Activity. Could you retype the lines below, starting at the line holding "make a photorealistic" and stopping at the line holding "Дышащая бейсболка белого", inclusive? Copy them exactly and drop the images.
(Provided entries Opens)
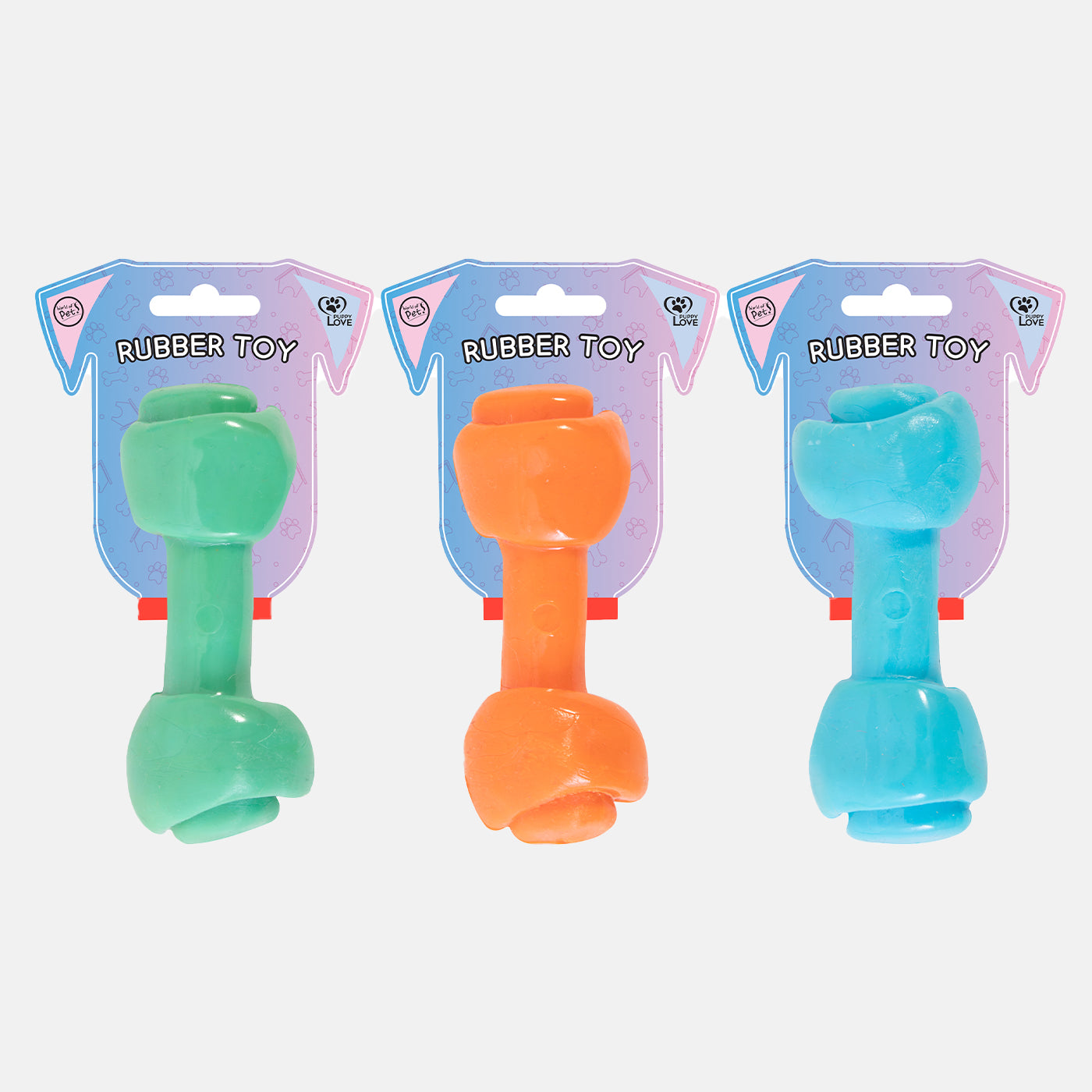 Designed to give your pets hours of playtime, this two pack of chew toys includes a bone and rubber ring, both made with strong rubber for durability and long-lasting fun. The unique shape and texture of the toys helps to strengthen jaw muscles and clean teeth while they squeak for an added level of fun.
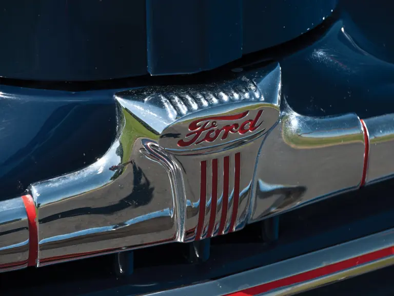 While his stint at Ford may seem brief, Eugene “Bob” Gregorie was largely responsible for the practical but modern lines of the Ford from 1935 to 1948, and several of these models are highly regarded today. Gregorie’s efforts can be seen in this brilliant 1946 Ford sedan. Purchased by the prior owner in 1997 and fully restored in 2004, this stunning Super DeLuxe is accompanied by photo-documentation of the process. The paint, body, and external trim remain excellent overall, and the underside shows nearly no wear. Accessories such as a clock, factory radio, dual visors, and an under-dash heater complete the well finished and correct interior. Also included are a title from 1957 and documentation of the engine rebuild. Bob Gregorie likely never imagined the appreciation that his designs would garner, but here is a testament to that earned respect and pursuit of perfection.
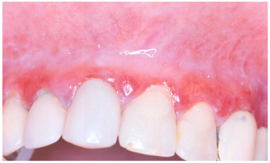 Typical clinical presentation of OLP erosive type, on the gingiva of maxillary anterior teeth.
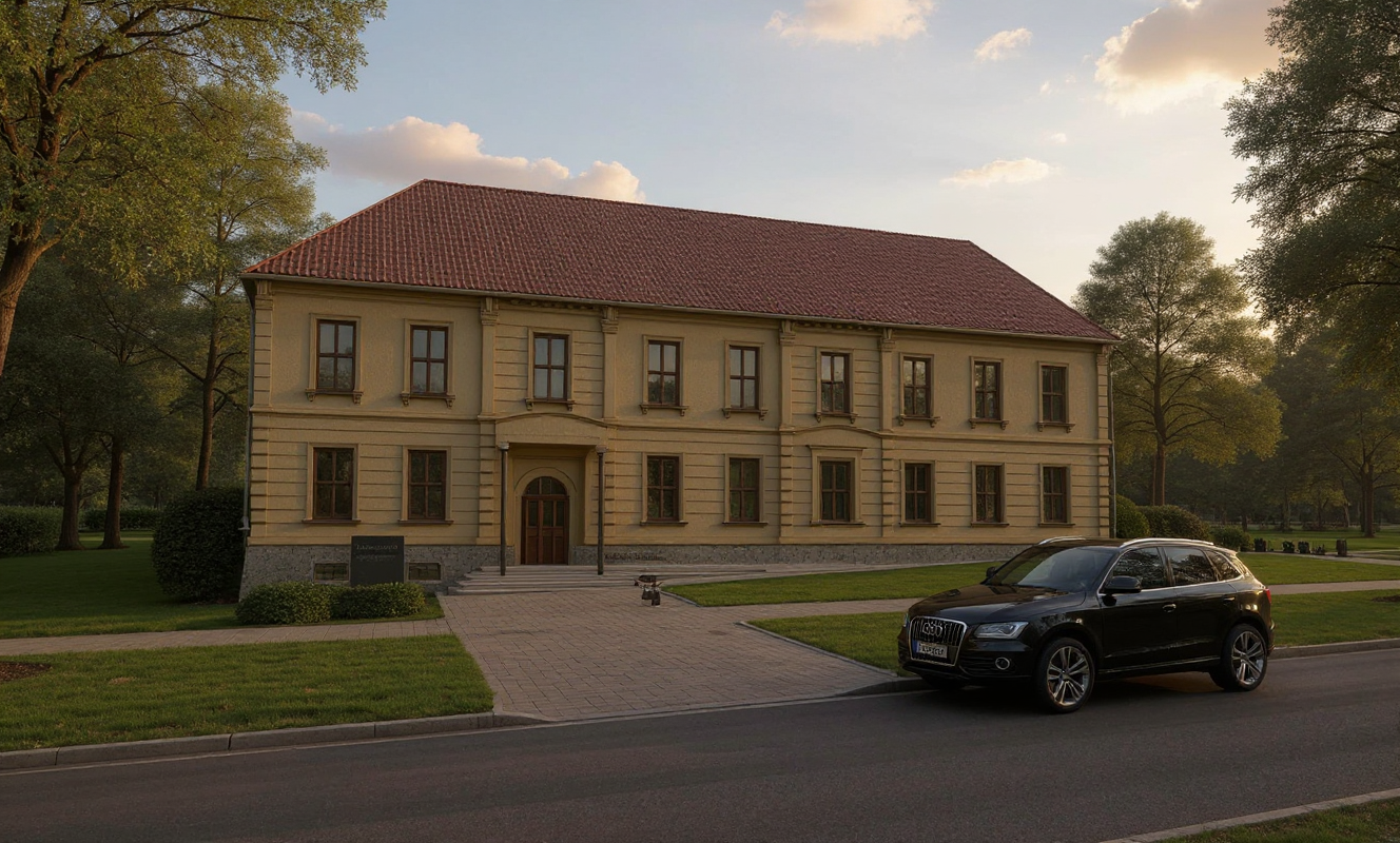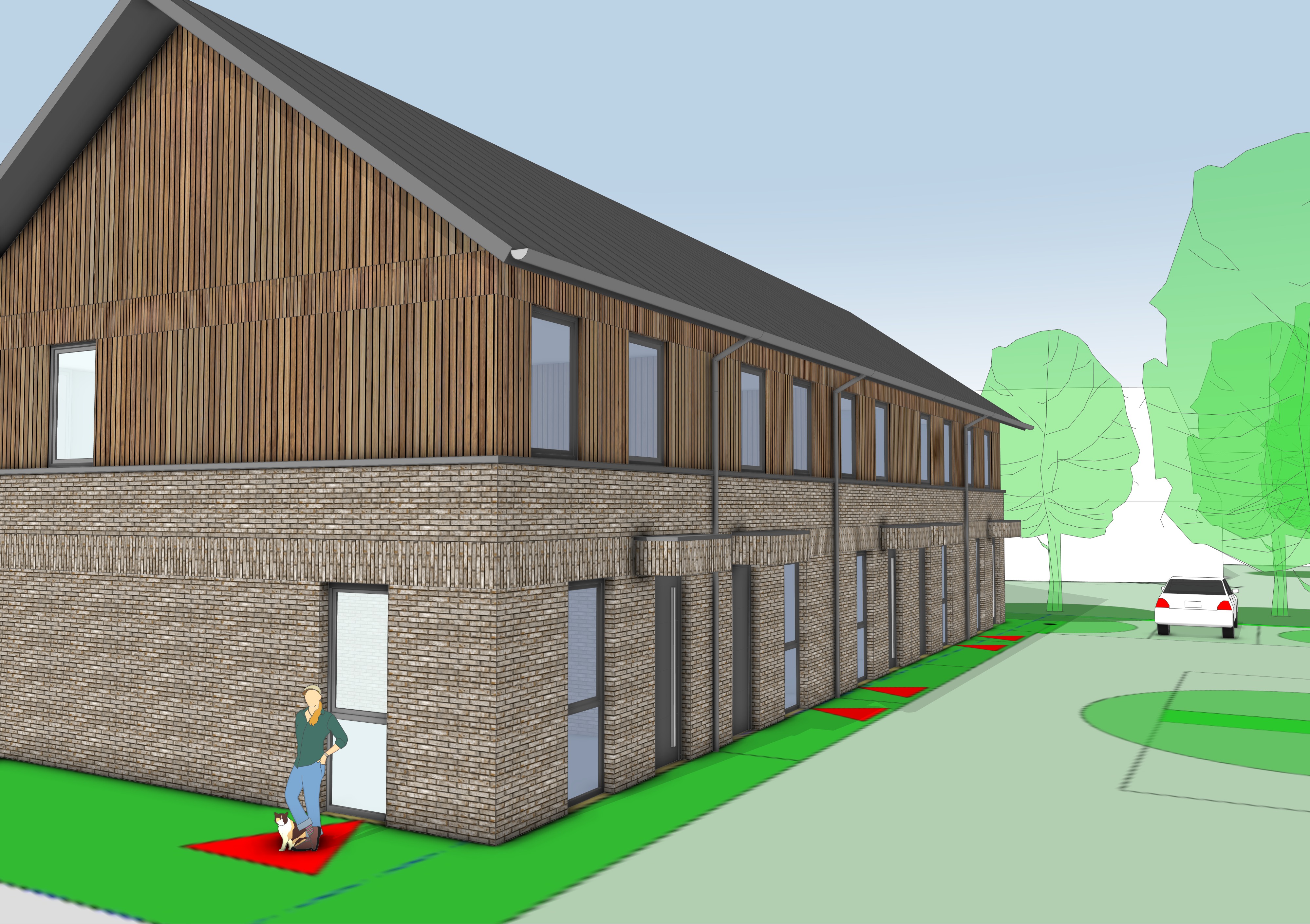 make a photorealistic rendering of the houses the weather is sunny with a few clouds in the sky add a lot of people bushes trees and flowers make the brick facades lighter and warmer in colour the time of day is the golden hour
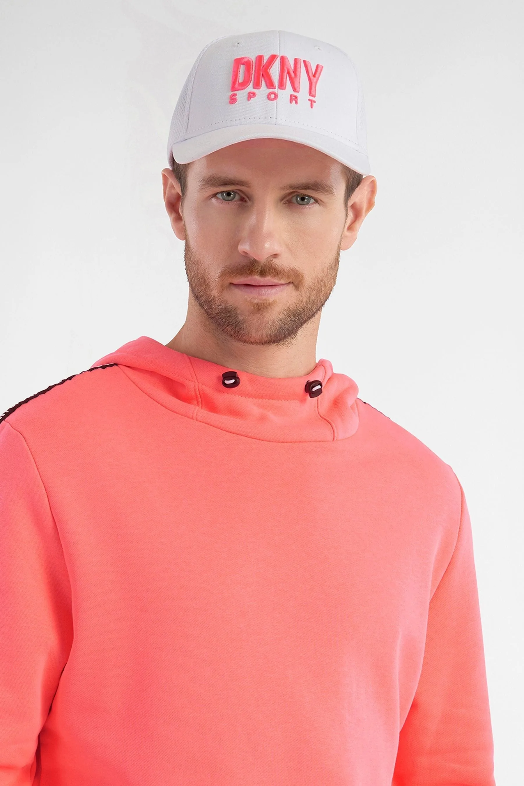 Дышащая бейсболка белого цвета. Спереди расположены вентиляционные отверстия и вышитый крупный логотип бренда DKNY Sport. Сзади кепка сшита из сетчатого, воздухопроницаемого материала.
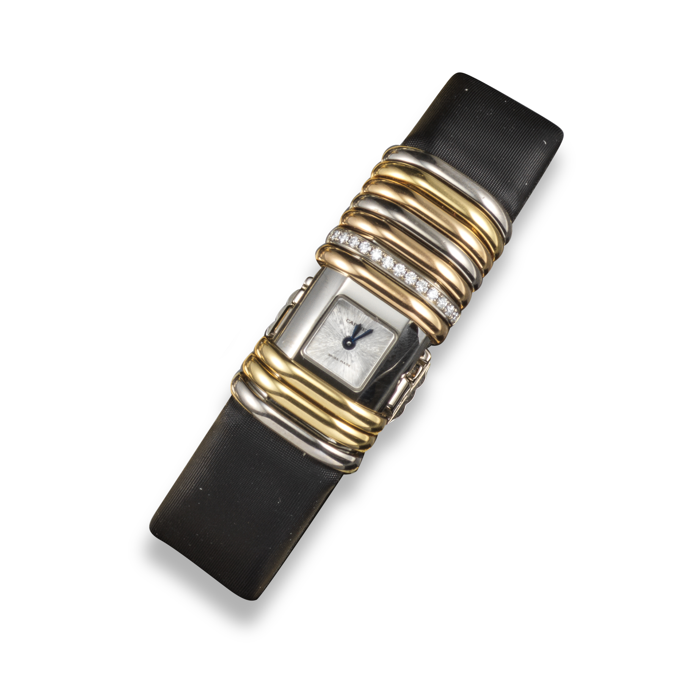 A titanium and 18ct gold Declaration wristwatch by Cartier, silver sunburst effect dial with curved rectangular case, set with a quatrefoil of circular-cut diamonds and numbered 80113CE2611, with eight three-colour gold sliding rings, one set with small diamonds, black silk band with white gold deployant clasp, Cartier box and key, 15.5cm long
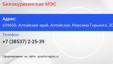 Белокурихинские МЭС по адресу 659650, Алтайский край, Алтайское, Максима Горького, 20 в дальнейшем Организация, размещена в следующих категориях:
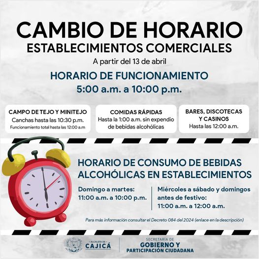 Expedimos el Decreto 084 del 2024, el cual modifica el Decreto 053 del 2023 sobre los horarios de establecimientos comerciales en Cajicá.
(Provided entries Closes)
Exercise solution.
 make a photorealistic rendering of the houses the weather is sunny with a few clouds in the sky add a lot of people bushes trees and flowers make the brick facades lighter and warmer in colour the time of day is the golden hour
 Дышащая бейсболка белого цвета. Спереди расположены вентиляционные отверстия и вышитый крупный логотип бренда DKNY Sport. Сзади кепка сшита из сетчатого, воздухопроницаемого материала.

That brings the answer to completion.